This exercise asks for an exact copy of the lines from the one containing "(a) 火山图显示肿瘤中蛋白质的上调或下调。 (b)" through the final line of the material, with pictures omitted.

▸ Data shown
* * * * * * * * *
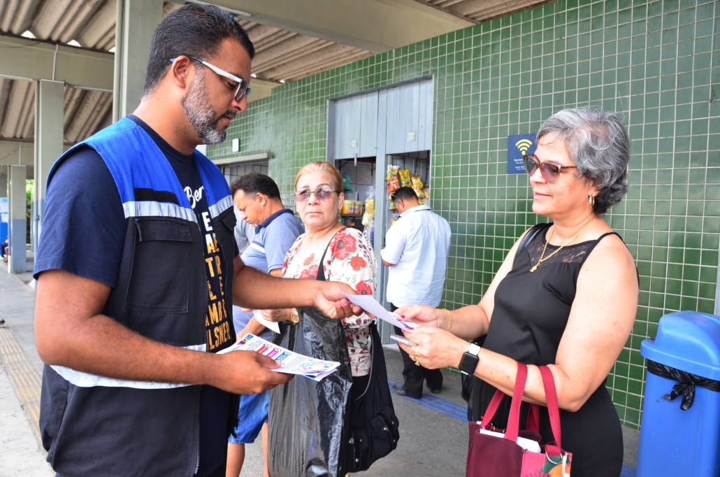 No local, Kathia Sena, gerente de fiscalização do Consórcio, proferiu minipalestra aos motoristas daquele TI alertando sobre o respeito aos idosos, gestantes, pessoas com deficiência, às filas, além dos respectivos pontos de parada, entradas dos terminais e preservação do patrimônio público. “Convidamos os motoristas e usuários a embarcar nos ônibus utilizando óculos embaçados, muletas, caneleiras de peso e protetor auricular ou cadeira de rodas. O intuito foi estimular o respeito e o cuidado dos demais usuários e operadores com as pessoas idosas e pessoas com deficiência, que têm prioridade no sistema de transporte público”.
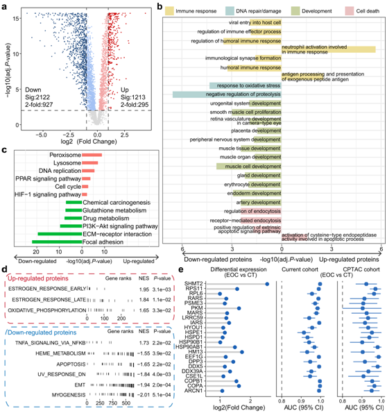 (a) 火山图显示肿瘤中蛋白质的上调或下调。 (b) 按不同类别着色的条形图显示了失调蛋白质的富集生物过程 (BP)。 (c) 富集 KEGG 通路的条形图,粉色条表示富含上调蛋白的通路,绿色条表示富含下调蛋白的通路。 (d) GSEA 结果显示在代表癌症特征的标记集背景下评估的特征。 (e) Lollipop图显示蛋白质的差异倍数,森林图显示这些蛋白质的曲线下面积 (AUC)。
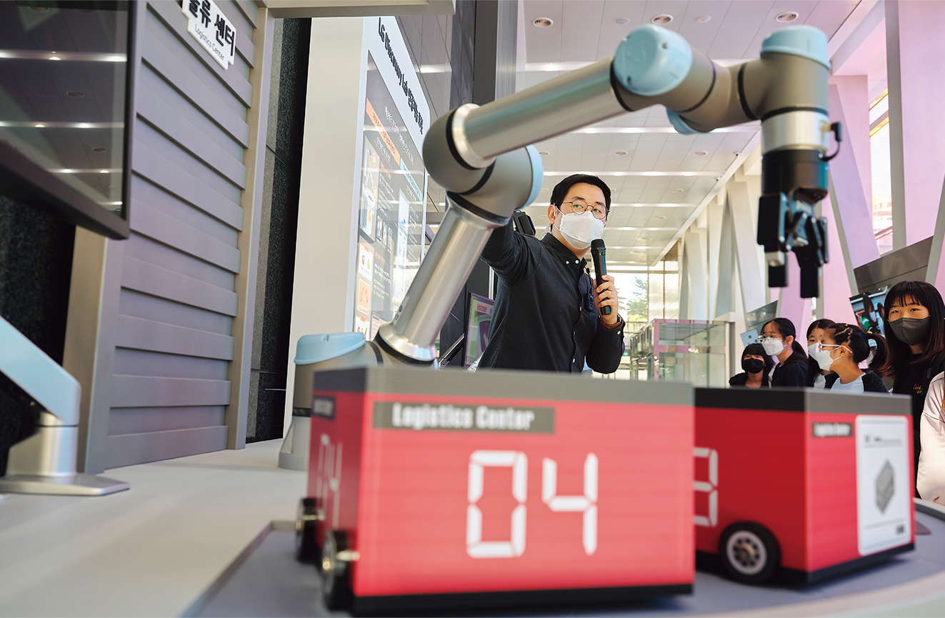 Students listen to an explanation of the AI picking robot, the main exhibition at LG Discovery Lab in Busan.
* * * * * * * * *
▸ Worked solution
 (a) 火山图显示肿瘤中蛋白质的上调或下调。 (b) 按不同类别着色的条形图显示了失调蛋白质的富集生物过程 (BP)。 (c) 富集 KEGG 通路的条形图,粉色条表示富含上调蛋白的通路,绿色条表示富含下调蛋白的通路。 (d) GSEA 结果显示在代表癌症特征的标记集背景下评估的特征。 (e) Lollipop图显示蛋白质的差异倍数,森林图显示这些蛋白质的曲线下面积 (AUC)。
 Students listen to an explanation of the AI picking robot, the main exhibition at LG Discovery Lab in Busan.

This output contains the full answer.